Living in New York City, a cultural melting pot, I always feel unsafe when walking on a street. Because as far as I know, New York is the notorious city where the crime rate is always high in the country. Therefore, I especially would like to find the data which is telling the crime rate or related death rate. After a few days of searching, I finally found a dataset that really attracted my attention—New York City Leading Causes of Death. Interestingly, according to the dataset, crimes are maybe just a part of the causes of death. The main causes of death are still diseases. Therefore, based on the dataset, I would like to understand:
- What disease causes the majority of deaths?
- What is the trend of the leading causes of deaths?
- Do the deaths in the same leading cause differ among the race ethnicities?
After I selected the dataset, I used google search to look at the related visualization about leading causes of death. The following visualization is what I found on the World Health Organization website. From this visualization of causes of deaths, I think bar charts may be the best way to display the comparison of the deaths of each cause. Besides, we can also know what disease is the biggest killer by the order of amount of deaths from the bar chart.
I was also inspired by the following visualization, which indicates the mortality rates in the US. With line charts, it is transparent to see what is the trend of the diseases over time. In addition, with the different color code of each disease in the line chart, we can easily make the comparison among the diseases across years.
- NYC Open Data: A website where I could find any kind of open data.
- Microsoft Excel: A spreadsheet that I used for cleaning the dataset.
- Tableau Public: A software that allows me to make any kind of visualization with datasets.

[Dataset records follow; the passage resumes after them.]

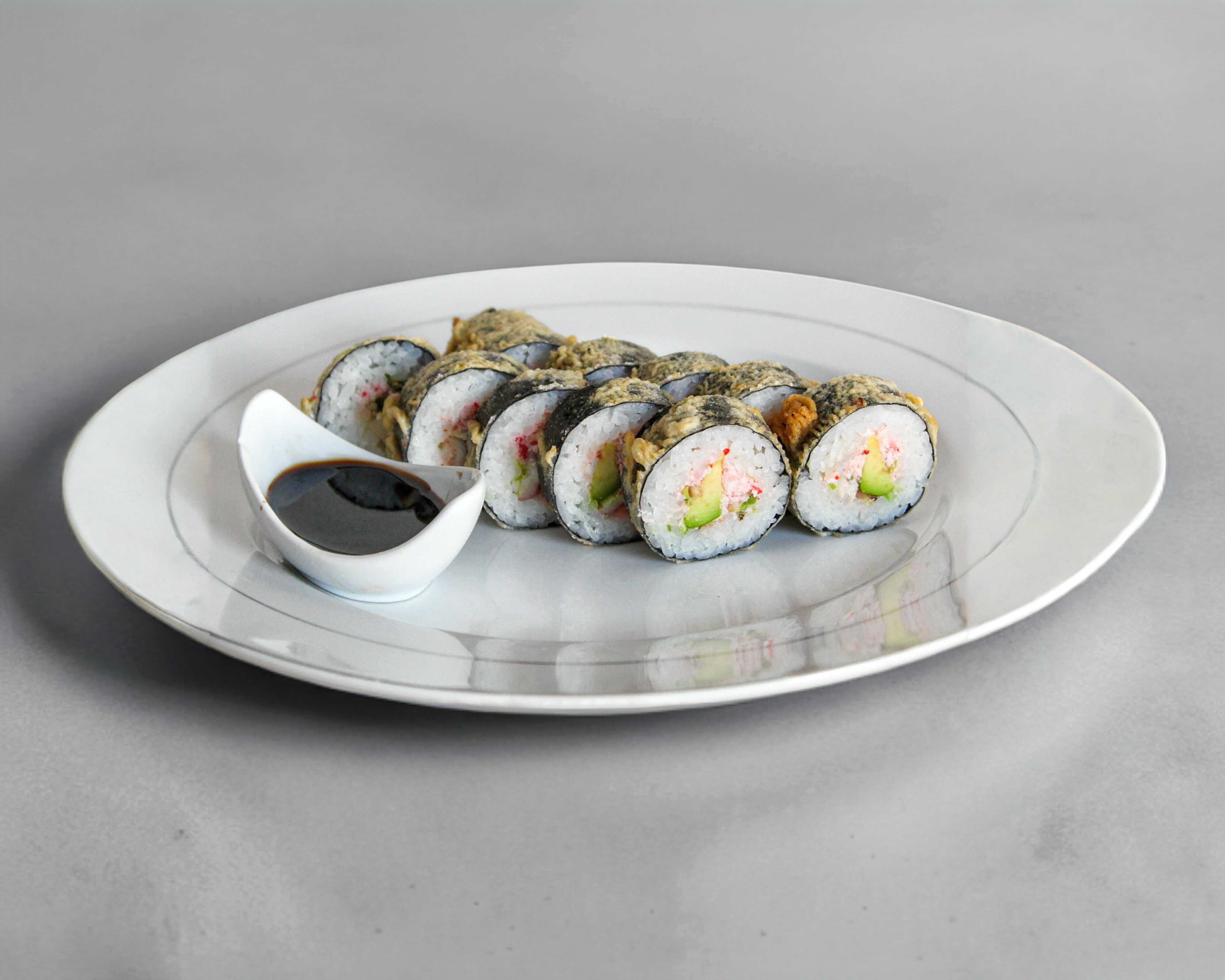 Camarón, pepino, aguacate, queso crema por dentro y por fuera pasta Tampico y Chipotle.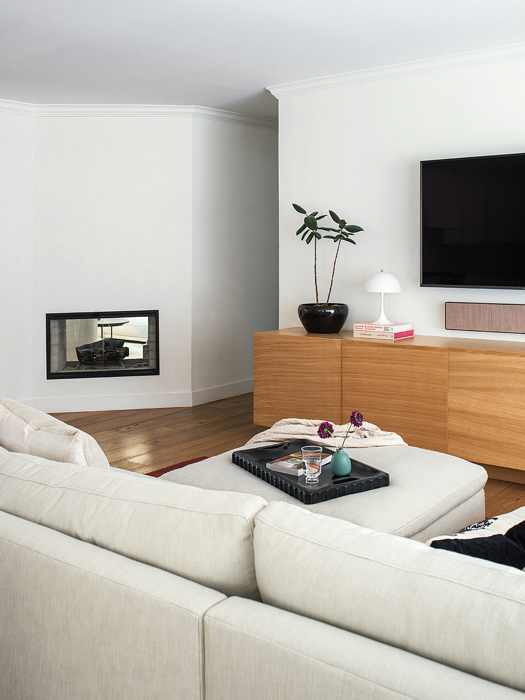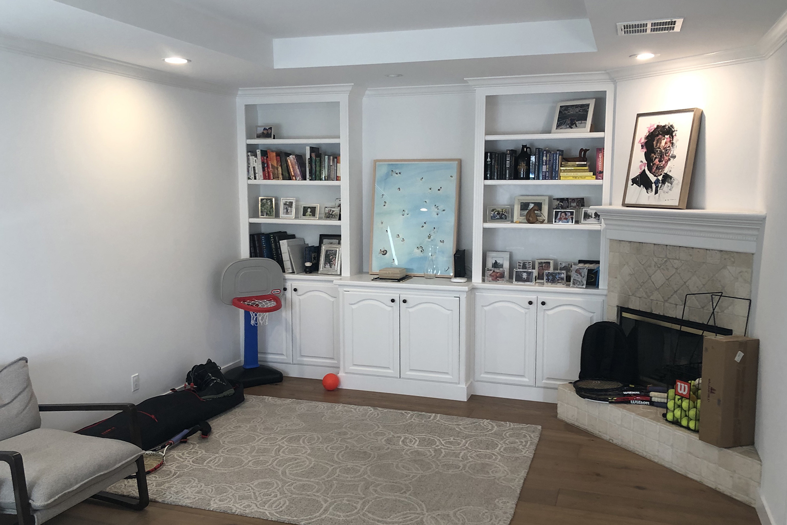 The problem: Basic white built-ins collided with a blah beige corner fireplace that never got used. “It was visually very in-your-face,” says Lee-Lim.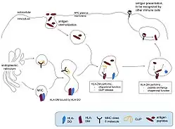 12. ^ a b c d e f g Mellins ED, Stern LJ (February 2014). "HLA-DM and HLA-DO, key regulators of MHC-II processing and presentation". Current Opinion in Immunology. 26: 115–22. doi:10.1016/j.coi.2013.11.005. PMC 3944065. PMID 24463216.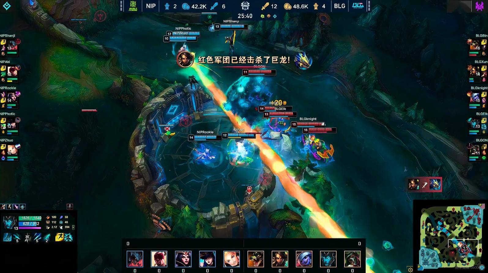 比赛中期BLG转线多次抓死NIP的妖姬,断了Rookie妖姬的节奏。中期的二先锋与小龙也被BLG全都控下,BLG在中期的资源控制与团战上都是将NIP碾压摩擦。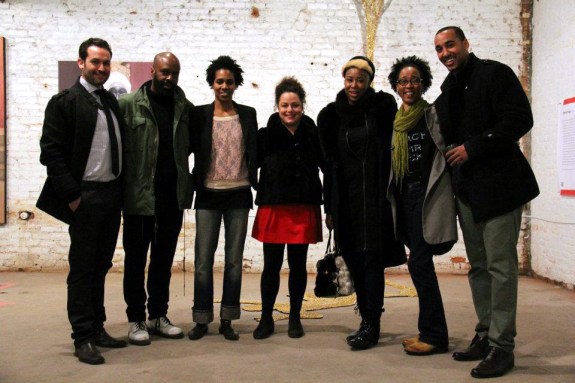 Lauren Gentile at center, with Next Generation artists (from L to R) Wyatt Gallery, Jayson Keeling, Karyn Olivier, Caitlin Cherry, Sonya Clark, and Kajahl Benes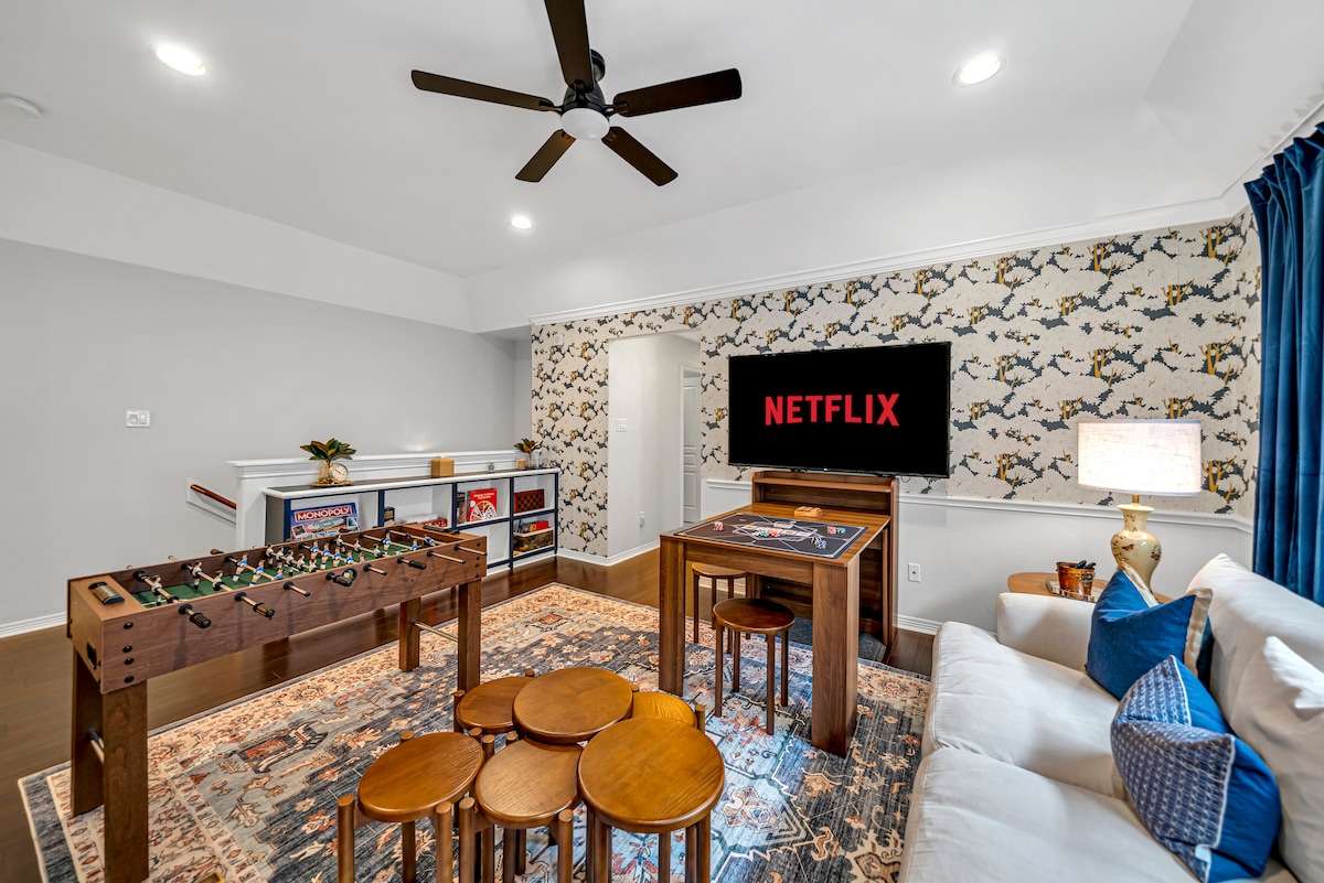 Welkom bij de Boutique Bunkhouse - je ruime Cypress-vakantiehuis op slechts vijf minuten van Houston Premium Outlets. Deze woning van 334 m² beschikt over 4 slaapkamers, 3,5 badkamers, een privézwembad, een vrijstaand bubbelbad, een biljartkamer, een theater met Xbox en een volledige keuken. Geschikt voor maximaal 20 personen met 2 kingsize bedden, 1 queen-over-queen stapelbed en 3 full-over-full stapelbedden. Perfect voor professionals, gezinnen en groepsreizen. Oplaadpunt elektrische auto, smart-tv's en huisdiervriendelijk. Stilte-uren 20.00-8.00 uur. Evenementen of feesten zijn niet toegestaan.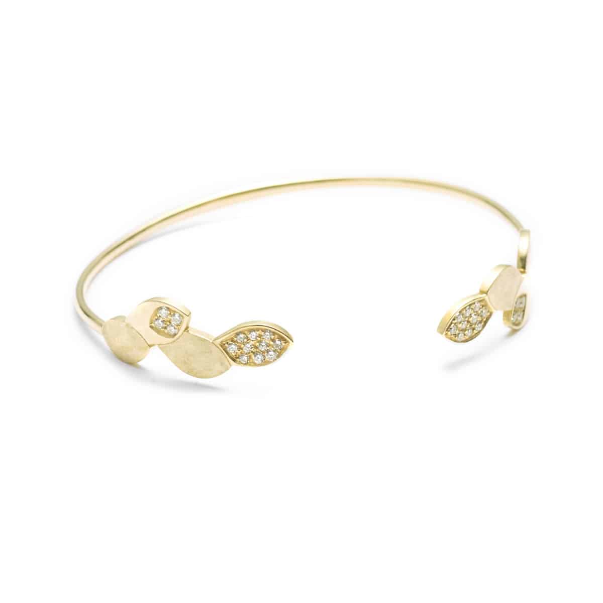 Bracelet jonc ouvert en or 750. 22 diamants blancs sertis à la main sur les délicats pétales de tournesol emblématiques de la marque.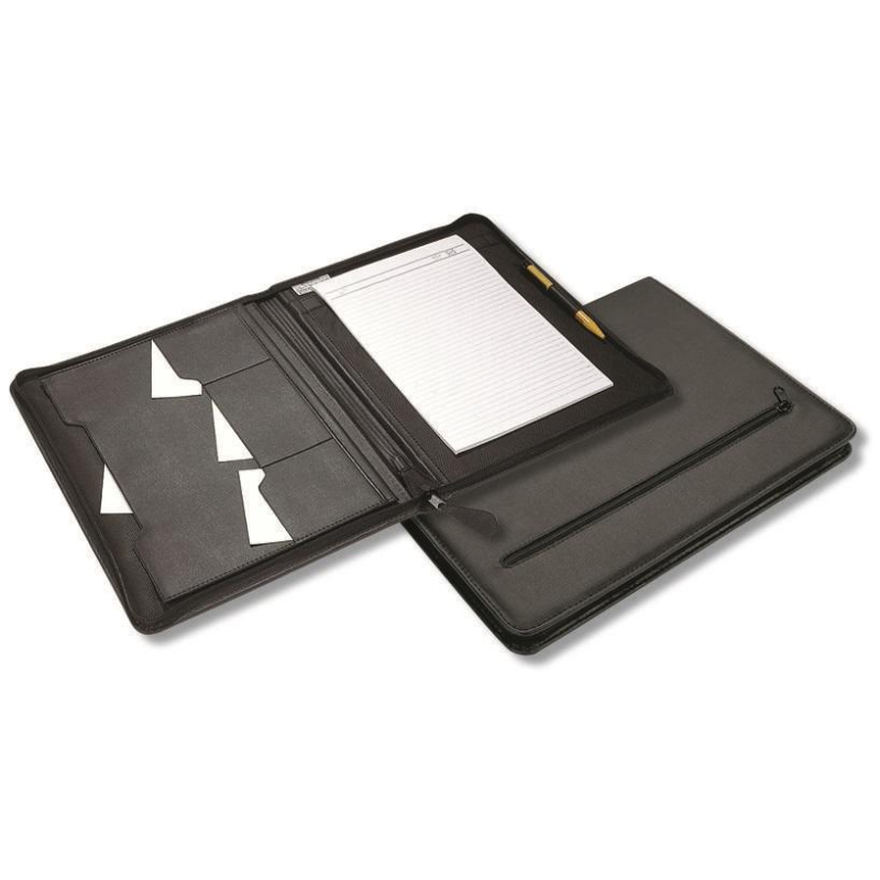 Папка деловая Алекс из искусственной кожи черного цвета (141и/чер). Папка на молнии, система карманов для документов разного формата, ручкодержатель. Комплектуется отрывным блокнотом формата А4.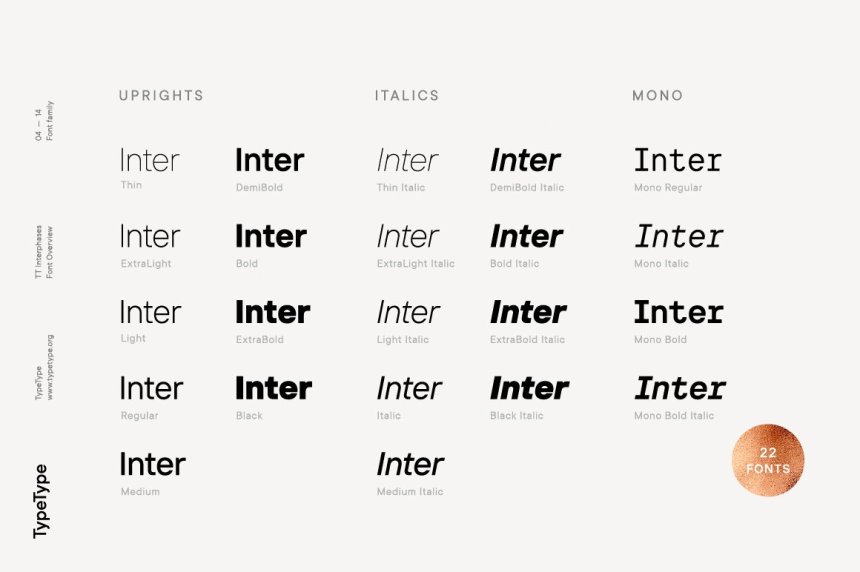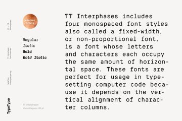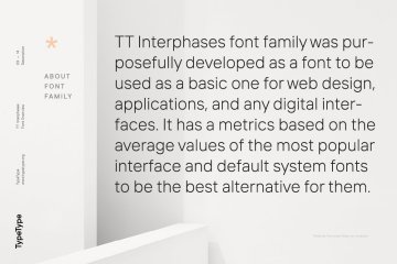 您可以通过链接了解文章中字体创建的详细历史,在这里我们将告诉您我们到底得到了什么。TT Interfaces 包含 24 种样式:基本系列中的 18 种样式、4 种等宽字体和 2 种可变字体。TT Interphases 的主要视觉特征包括字符的大光圈、黑白均匀分布以及出色的可读性。字体图案的一般中性并非没有优雅,字体的所有细节都是用数学的精确和爱来制作的。此外,TT Interphases 拥有最先进的手动 TrueType 提示。

- Cleaned the data by Microsoft Excel
Once I downloaded the dataset spreadsheet, New York City Leading Causes of Death, from NYC Open Data, I first tried to remove some unnecessary information that seems unhelpful and meaningless for the project by using the finding function (control + F) in Microsoft Excel. For example, there was some information like E10-E14 in parentheses next to the name of leading cause, which I think was not very important within the dataset.
2. Visualized the data by Tableau Public
After deciding using the dataset, I began to look at some visualization design example about causes of death by using google search, hoping to get some inspirations. Then, I found the two charts as mentioned above, so I decided to use bar charts and line charts to fulfill the visualization and answer my three questions. However, I faced some problems when using Tableau. For instance, the data type of death rate in Tableau is strings, not numbers, so it cannot succeed to display the ideal visualization. Therefore, I had to first change all the data that should be number type of data to measures.
Results and interpretation
The first visualization is to answer the question—what disease causes the majority of deaths. The leading causes are listed out in rows and the average death rate is in the column section. Red and blue are also used to differentiate the average death rate by gender. Thus, we can realize that diseases of heart are the most serious leading causes of deaths, either in male or female.
The second is about the trend of the leading causes of deaths. I put deaths in row section, so we can see the variation of deaths in the different year. Also, from this visualization, we can know that the diseases of heart, rendered by red, are gradually mitigated and the deaths in 2014 are much lower than in 2007.
The last one is to reflect whether the number of deaths in each leading cause may differ with different race-ethnicity. I set the year as the page, leading cause as the filter, and different colors to distinguish the race-ethnicity. In terms of diseases of heart in 2007, the visualization indicates that the deaths of white non-Hispanic were farther higher than other race ethnicities.
When I tried to interpret the dataset itself, I found I could not totally understand the meaning of data itself. For example, there is a section about the age-adjusted death rate, but there is no data about age and no measurement is indicated in the data section. All I saw is just a pure number with decimals. Therefore, I didn’t use this section of the dataset for the project. Furthermore, I faced a lot of challenges when using Tableau, such as changing the bar colors, altering the measures…etc, so I spent much time understanding the software. Also, I found I still could not determine which visualization is the best way for the dataset, but fortunately, Tableau can automatically visualize the data once we set up the rows and columns, so it is not a big problem now. Hope in the future, I can be more familiar with types of visualization.